- Work task:
Scan the records beneath this line for the line holding "Finisaj decorativ de" and the line holding "news, traffic information.", then transcribe exactly those two and all lines between.

- Data extract:
*** Block opens ***

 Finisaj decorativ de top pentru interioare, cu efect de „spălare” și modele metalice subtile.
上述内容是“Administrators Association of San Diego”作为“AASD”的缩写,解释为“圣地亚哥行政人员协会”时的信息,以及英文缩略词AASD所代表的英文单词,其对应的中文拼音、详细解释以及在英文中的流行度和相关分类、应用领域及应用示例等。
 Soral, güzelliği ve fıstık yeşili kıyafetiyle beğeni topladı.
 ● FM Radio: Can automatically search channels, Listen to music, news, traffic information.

*** Block closes ***
*** Block opens ***

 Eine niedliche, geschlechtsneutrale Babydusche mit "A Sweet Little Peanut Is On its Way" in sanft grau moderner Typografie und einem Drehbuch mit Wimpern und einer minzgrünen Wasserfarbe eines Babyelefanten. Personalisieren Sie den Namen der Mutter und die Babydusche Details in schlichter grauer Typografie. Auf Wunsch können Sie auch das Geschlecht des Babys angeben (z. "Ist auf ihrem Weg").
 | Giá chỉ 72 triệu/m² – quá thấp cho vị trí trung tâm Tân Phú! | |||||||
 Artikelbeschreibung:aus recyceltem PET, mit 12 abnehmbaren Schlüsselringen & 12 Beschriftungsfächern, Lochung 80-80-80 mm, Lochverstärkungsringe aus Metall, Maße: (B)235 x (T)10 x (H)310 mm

*** Block closes ***
*** Block opens ***

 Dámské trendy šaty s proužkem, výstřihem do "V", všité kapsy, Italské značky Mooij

*** Block closes ***

- Expected answer:
 Finisaj decorativ de top pentru interioare, cu efect de „spălare” și modele metalice subtile.
上述内容是“Administrators Association of San Diego”作为“AASD”的缩写,解释为“圣地亚哥行政人员协会”时的信息,以及英文缩略词AASD所代表的英文单词,其对应的中文拼音、详细解释以及在英文中的流行度和相关分类、应用领域及应用示例等。
 Soral, güzelliği ve fıstık yeşili kıyafetiyle beğeni topladı.
 ● FM Radio: Can automatically search channels, Listen to music, news, traffic information.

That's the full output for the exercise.